The srun documentation explicitly states: “If -c is specified without -n, as many tasks will be allocated per node as possible while satisfying the -c restriction. For instance on a cluster with 8 CPUs per node, a job request for 4 nodes and 3 CPUs per task may be allocated 3 or 6 CPUs per node (1 or 2 tasks per node) depending upon resource consumption by other jobs.” For this reason, it’s recommended to always specify -n <number-of-instances>, even if <number-of-instances> is equal to one (1).

Interactive shells

To get an interactive development shell on one of the nodes, users can issue the following command:

srun -p <node-type> -N <number-of-nodes> --pty /bin/bash -l

After the shell has been opened, users can run their HPX application.

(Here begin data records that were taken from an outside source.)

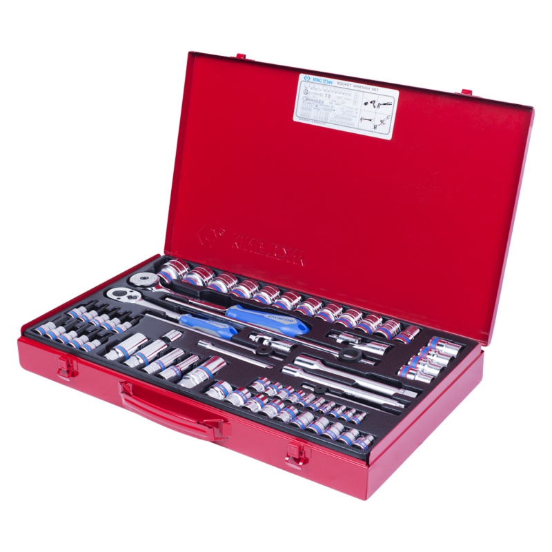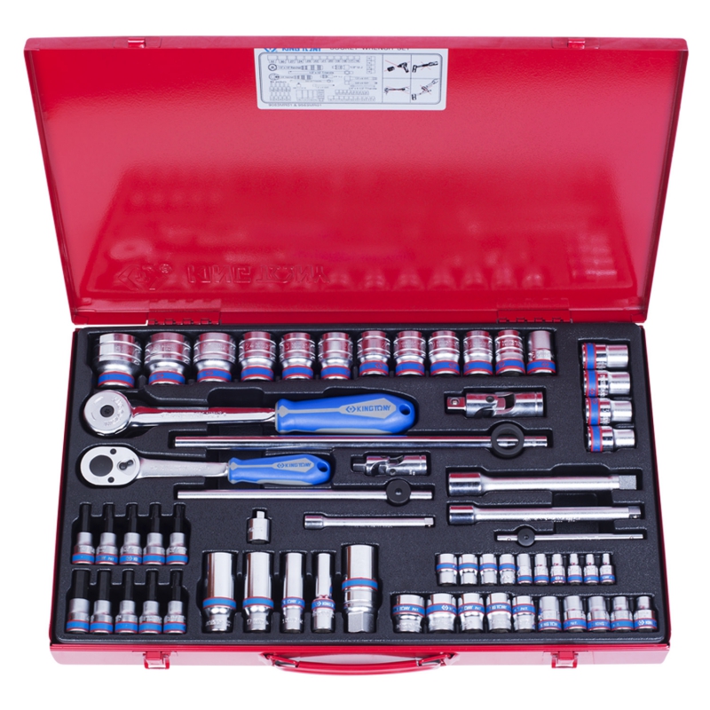 Торцевые головки двенадцатигранные размером от 4 до 32 мм в комплекте King Tony дополнены трещотками, карданами, воротками, удлинителями и другими аксессуарами, которые будут необходимы мастеру во время авторемонта. Большой набор из 62 позиций, упакованных в прочный и долговечный металлический кейс, будет приятно получить в подарок как любителю гаражных работ, так и профессиональному слесарю.
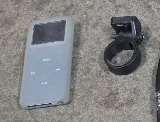Separar el montaje de su vieja luz de bicicleta. pegue o atornille su cinturón del reproductor mp3 estándar en el soporte para bicicleta luz. Ahora tienes un soporte para bicicleta mp3 player! poner en el tubo del manillar o superior. Pase el cable estéreo del titular a la amp
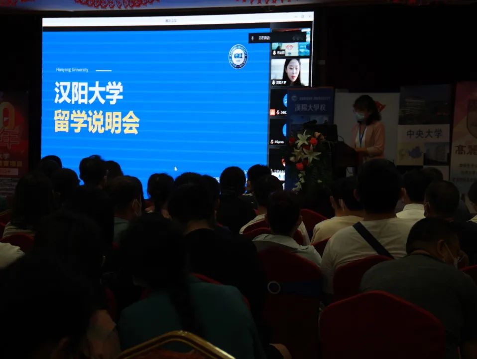 下面,说明会现场连线韩国汉阳大学和庆北国立大学入学处负责老师,两位老师对各自的学校进行了详细的讲解,还介绍了学校对于中国学生的一些关心政策。
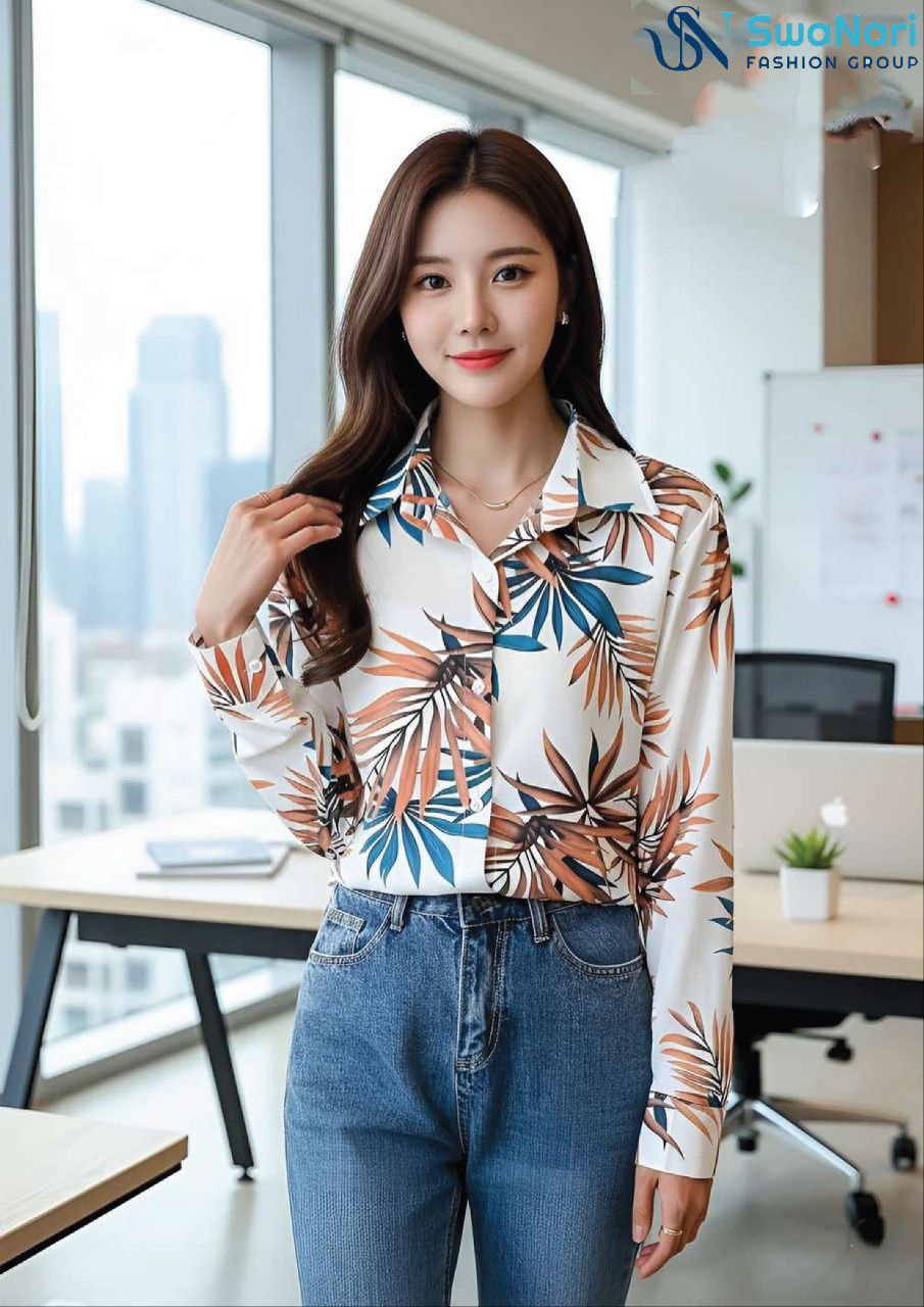 This blouse features a visually appealing long-sleeve design with a tropical leaf and foliage print in warm burnt orange and contrasting deep teal/navy on a white background. It is a button-down shirt with a classic collar, offering a polished and slightly casual aesthetic. The woman is styling it with medium-wash blue denim jeans, worn tucked in for a flattering, high-waisted look, making it a great choice for a stylish weekend or casual Friday office wear.
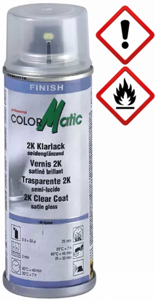ColorMatic sprej 2K bezbarvý lak je hedvábně lesklý dvousložkový lak s tužidlem v spreji. Je extrémně odolný poškrábání a má vysokou odolnost vůči benzínu, UV zářené a vlivům počasí. Díky jeho rychlému schnutí a velmi dobré rozlévatelnosti je ColorMatic Sprej 2K bezbarvý lak obzvlášť vhodný na bodové opravy.
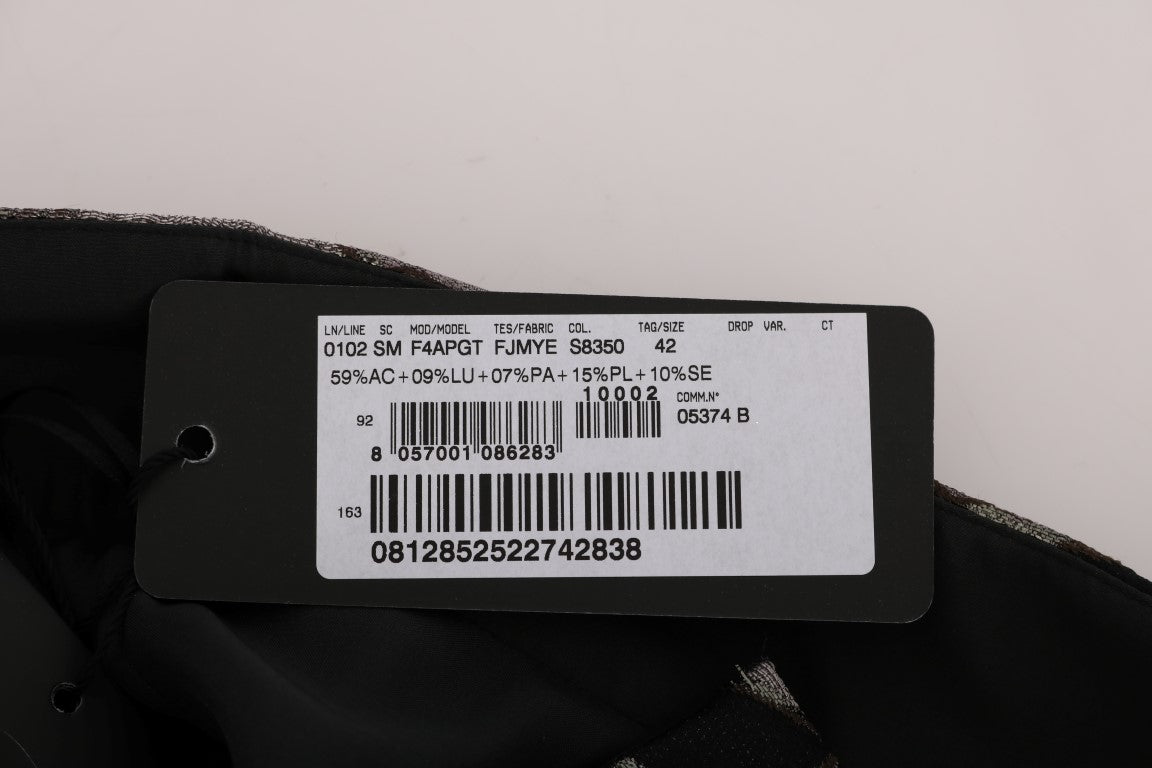 Step into luxury with this Dolce & Gabbana black silver brocade floral skirt! This gorgeous, above-the-knee skirt, brand new with tags, features a stunning black base with silver floral accents. Crafted in Italy from a luxurious blend of acetate, polyester, silk, metal fiber, and nylon, this designer skirt boasts a flattering straight cut and convenient zipper closure. The iconic Dolce & Gabbana logo adds a touch of signature elegance. Elevate your style with this exquisite piece—100% authentic and ready to make a statement!
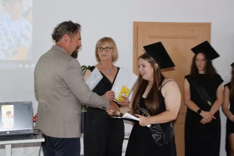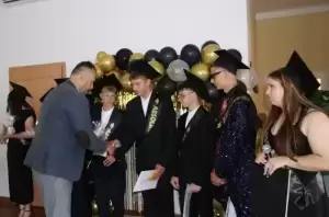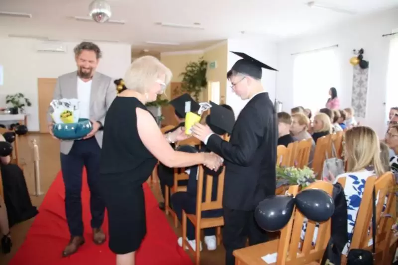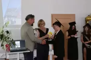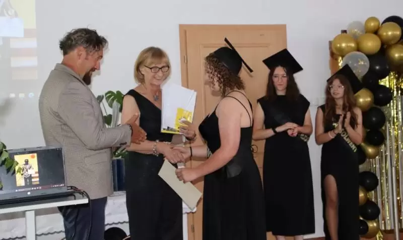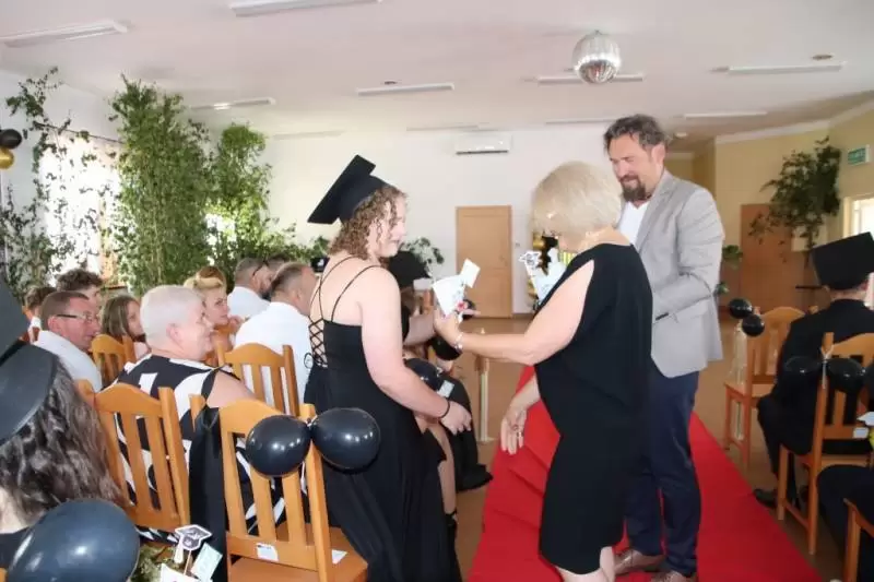Uroczystość rozpoczęła się od przedstawienia sylwetek uczniów, co w piękny sposób zrobiła wychowawczyni klasy Lucyna Filończyk. Dzięki temu mogliśmy bliżej poznać każdego z absolwentów, nie tylko przez pryzmat osiągnięć, ale także ich pasji, cech charakteru i wspólnych chwil spędzonych w murach szkoły.

By default, it uses all available cores. Note that if you requested one node, you don’t need to do srun again. However, if you requested more than one node, and want to run your distributed application, you can use srun again to start up the distributed HPX application. It will use the resources that have been requested for the interactive shell.

Scheduling batch jobs

The above mentioned method of running HPX applications is fine for development purposes. The disadvantage that comes with srun is that it only returns once the application is finished. This might not be appropriate for longer-running applications (for example, benchmarks or larger scale simulations). In order to cope with that limitation, users can use the sbatch command.

The sbatch command expects a script that it can run once the requested resources are available. In order to request resources, users need to add #SBATCH comments in their script or provide the necessary parameters to sbatch directly. The parameters are the same as with run. The commands you need to execute are the same you would need to start your application as if you were in an interactive shell.